Activity :: Could you restate, exactly and with nothing added, the lines from the start of the data through the line that holds "联想(Lenovo)TX800 外置光驱 超薄外置DVD刻录机", leaving the pictures out?

Information shown: Begin

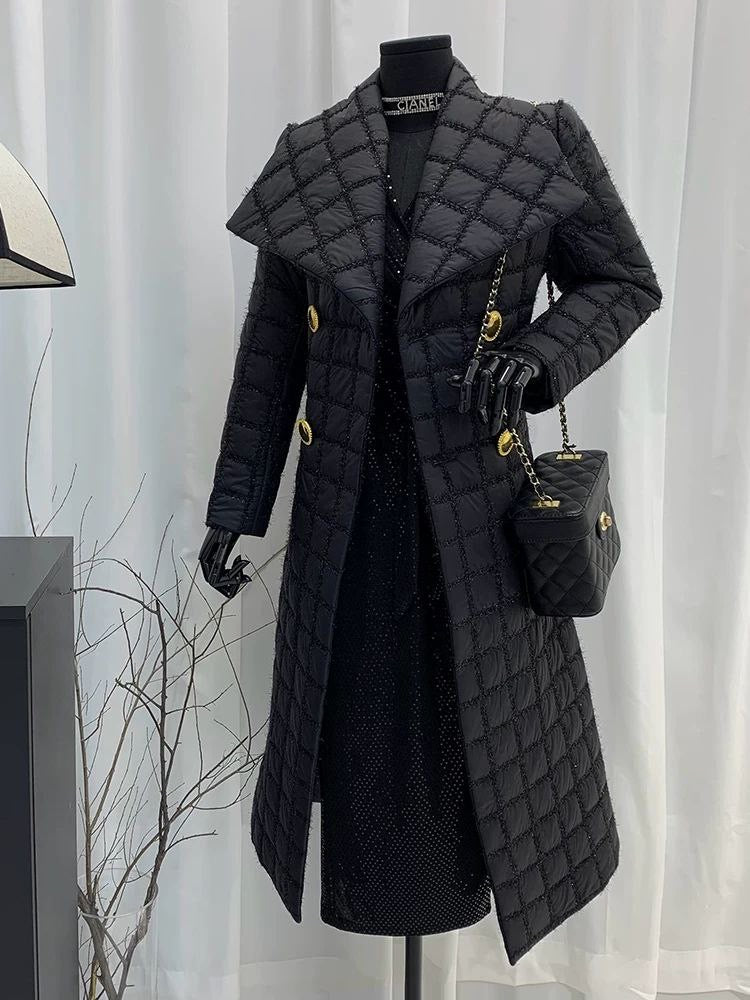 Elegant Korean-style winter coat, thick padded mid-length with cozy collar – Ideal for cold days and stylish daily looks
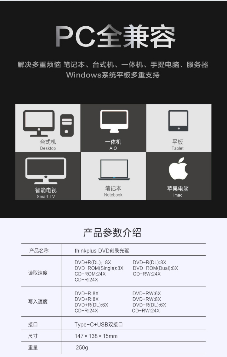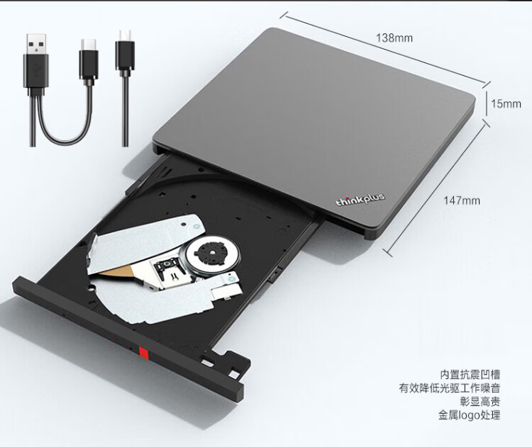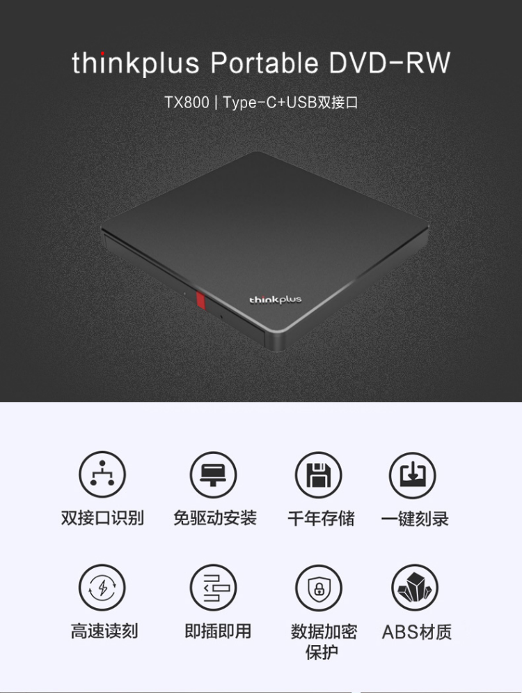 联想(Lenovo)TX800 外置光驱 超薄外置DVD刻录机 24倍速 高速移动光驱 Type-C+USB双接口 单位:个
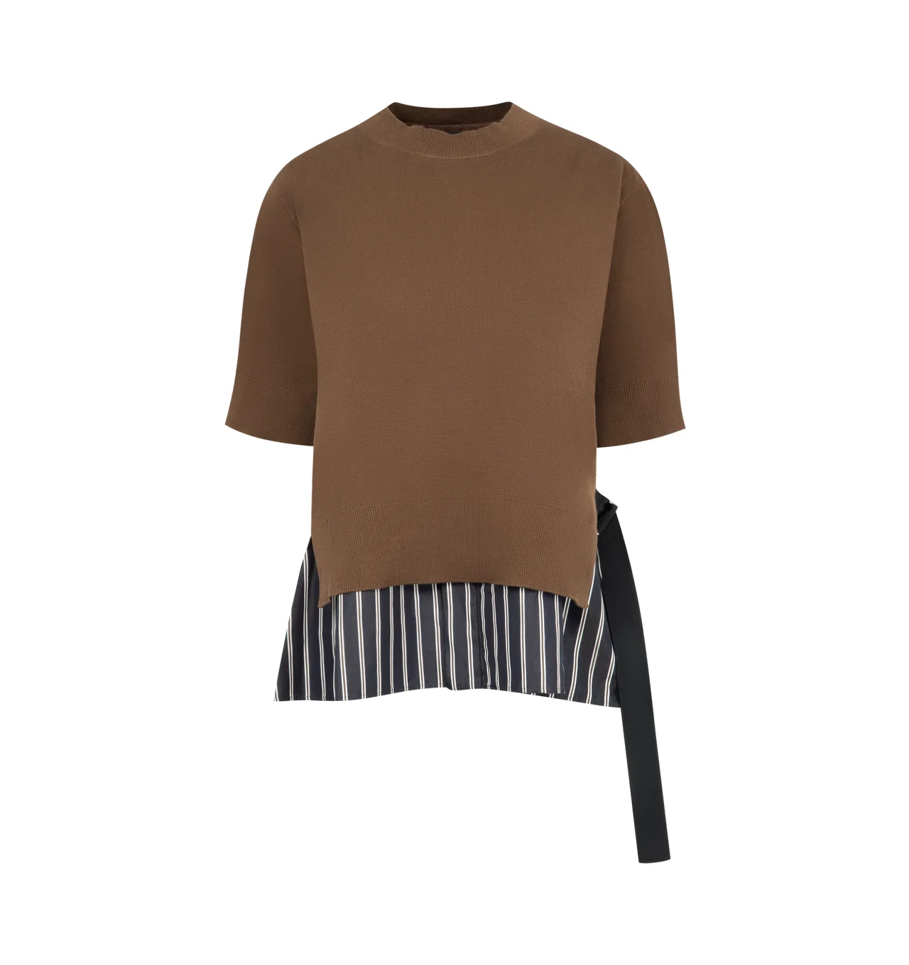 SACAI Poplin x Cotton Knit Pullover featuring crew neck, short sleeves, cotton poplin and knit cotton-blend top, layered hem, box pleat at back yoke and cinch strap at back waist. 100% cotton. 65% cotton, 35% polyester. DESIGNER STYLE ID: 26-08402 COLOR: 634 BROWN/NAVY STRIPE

Information shown: End

Solution ::
 Elegant Korean-style winter coat, thick padded mid-length with cozy collar – Ideal for cold days and stylish daily looks
 联想(Lenovo)TX800 外置光驱 超薄外置DVD刻录机 24倍速 高速移动光驱 Type-C+USB双接口 单位:个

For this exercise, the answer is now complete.